Evaluation of the Autonomic Nervous System Using the FAN® Device – Range of Normal and Examples of Abnormal
S Haegele-Link*, 1, D Claus2, S Dücker3, T Vogt3, F Birklein3
Identifiers and Pagination:Year: 2008
First Page: 12
Last Page: 19
Publisher ID: TONEUJ-2-12
Article History:Received Date: 14/2/2008
Revision Received Date: 11/3/2008
Acceptance Date: 9/4/2008
Electronic publication date: 7/5/2008
Collection year: 2008
open-access license: This is an open access article distributed under the terms of the Creative Commons Attribution License (http://creativecommons.org/licenses/by/2.5/), which permits unrestrictive use, distribution, and reproduction in any medium, provided the original work is properly cited.

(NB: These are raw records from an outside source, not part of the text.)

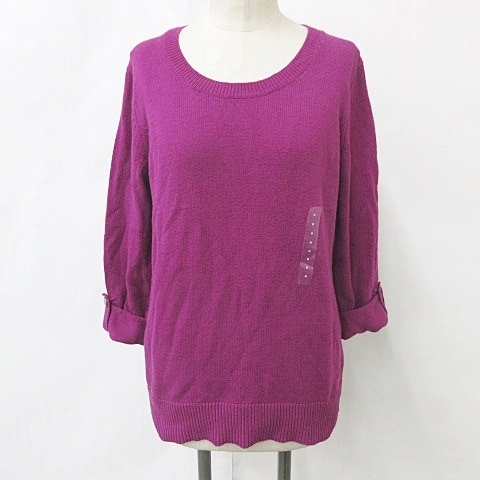 - 未使用品 ギャップ GAP ニット セーター クルーネック 七分袖 パープル 紫 M レディース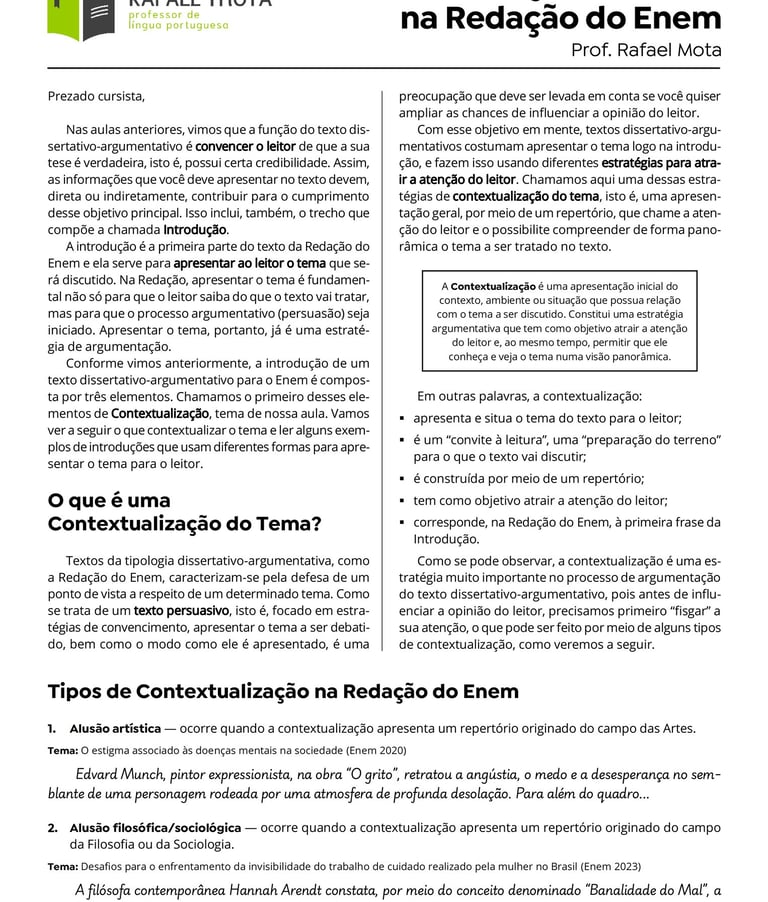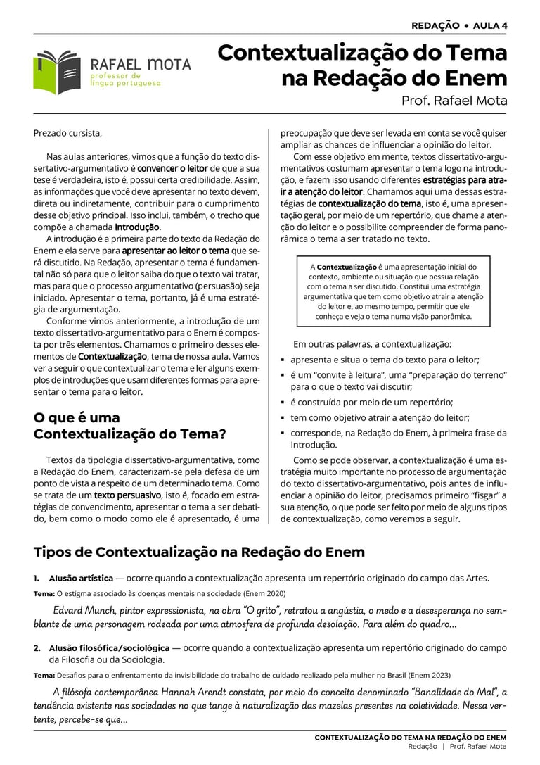 *Por não tratarem especificamente da Redação ENEM, as aulas não disponíveis aqui se encontram na página inicial, na aba "Produção de Textos" ― Aulas.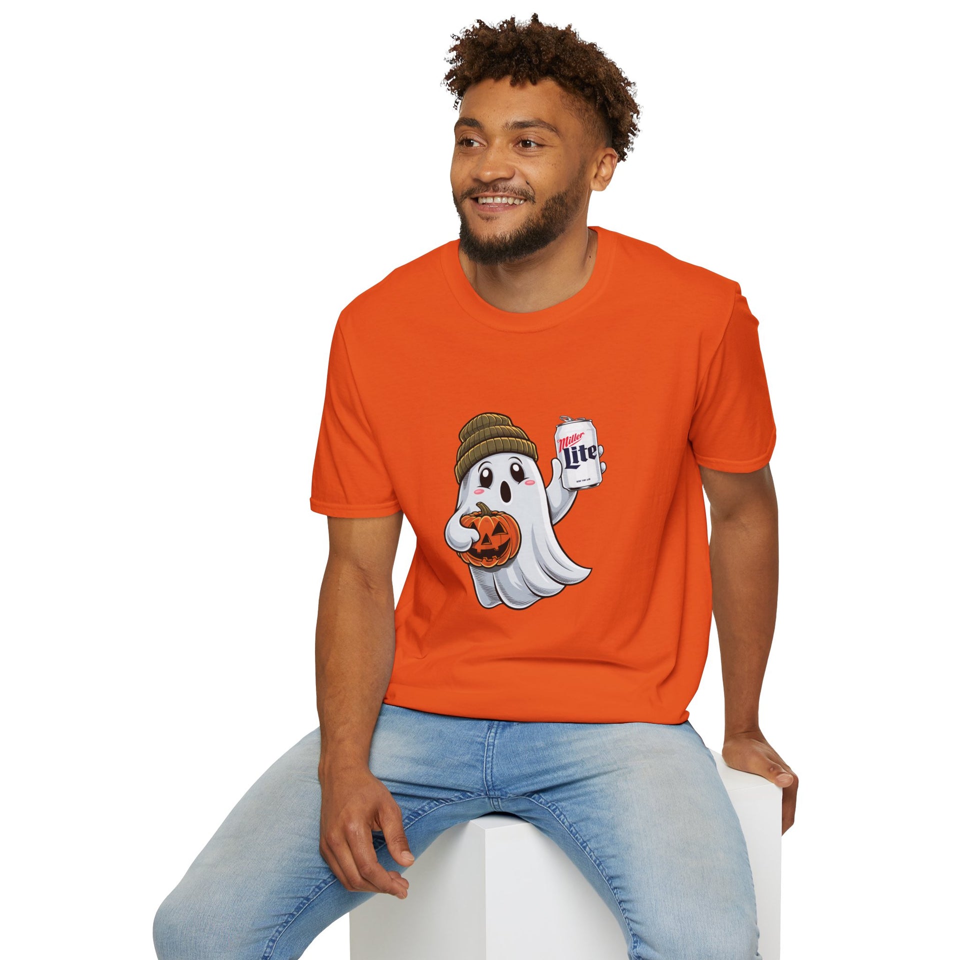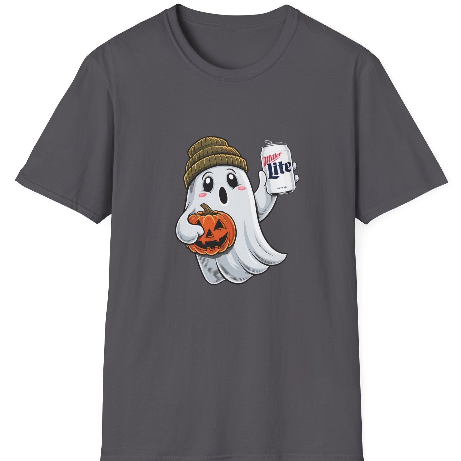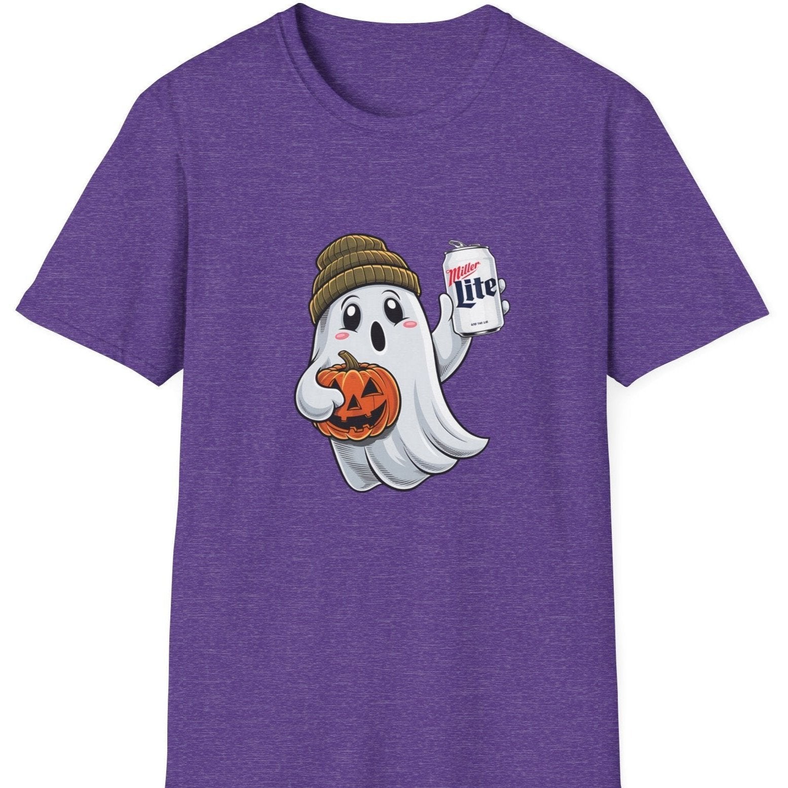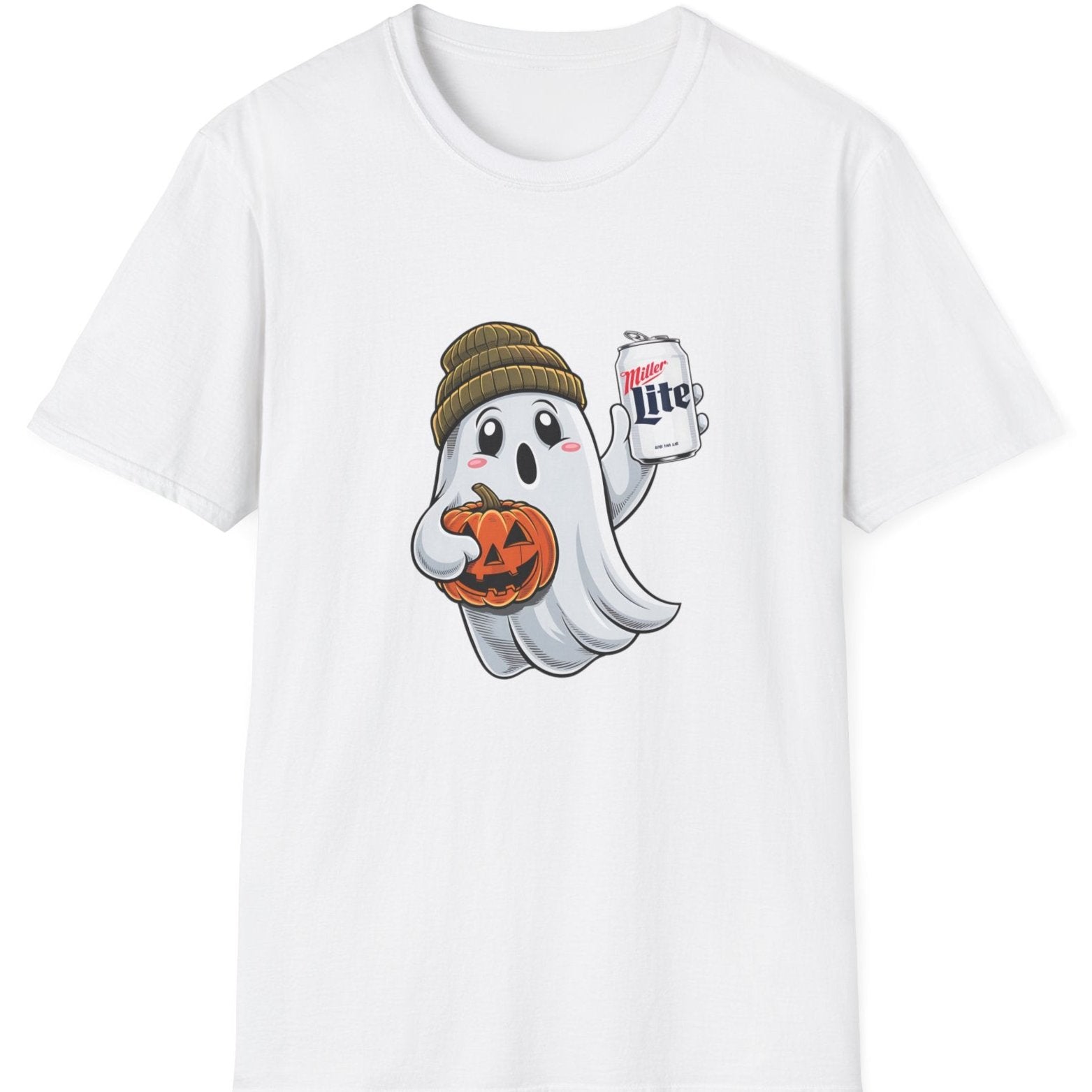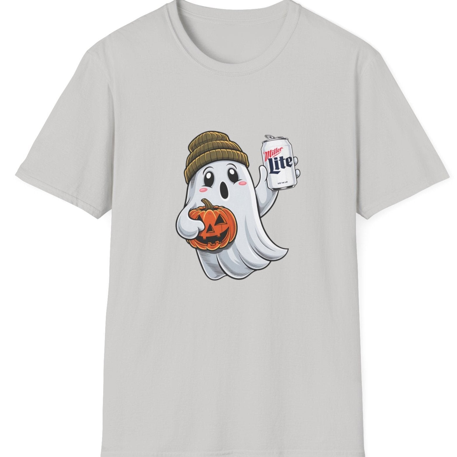 - Playful Halloween Design: Features a ghost wearing a beanie and holding a Miller Lite, adding a laid-back, humorous vibe to your spooky season wardrobe.

Different components of the autonomic nervous system may be affected by different disorders to varying degrees. The aim of this study is to report first experiences with a new device (FAN®, Schwarzer, Germany) which measures heart rate variability (HRV), sympathetic skin responses (SSR) and the pulse wave transit time (PTT). We examined 190 healthy volunteers (102 men, 88 women) and in 89 subjects (46 men, 43 women) PTT during VM was investigated. In a subset of 24 subjects PTT was compared to conventional blood pressure recording. Thereafter, normal data were compared to patients with polyneuropathy (PNP) and Parkinson syndromes. All parameters of HRV decreased with age. 6 parameters for HRV at rest, during deep respiration and the valsalva ratio were reclassified into three age categories: under 40 (n=96), 40 – 60 (n=71) and 60 or older (n=23). Applying the lower limits of normal (5%-tile) subjects did not have more than 2 of these 6 parameters in the pathological range PTT reduction during phase IV of the valsalva manoeuvre was greater than 7.7 ms (5%-tile) but not age dependent. Patients with PNP had reduced HRV and SSR, Parkinson patients had more frequently impaired blood pressure regulation according to PTT assessment. Our investigation shows that the FAN® might be useful for clinicians to detect autonomic disorders.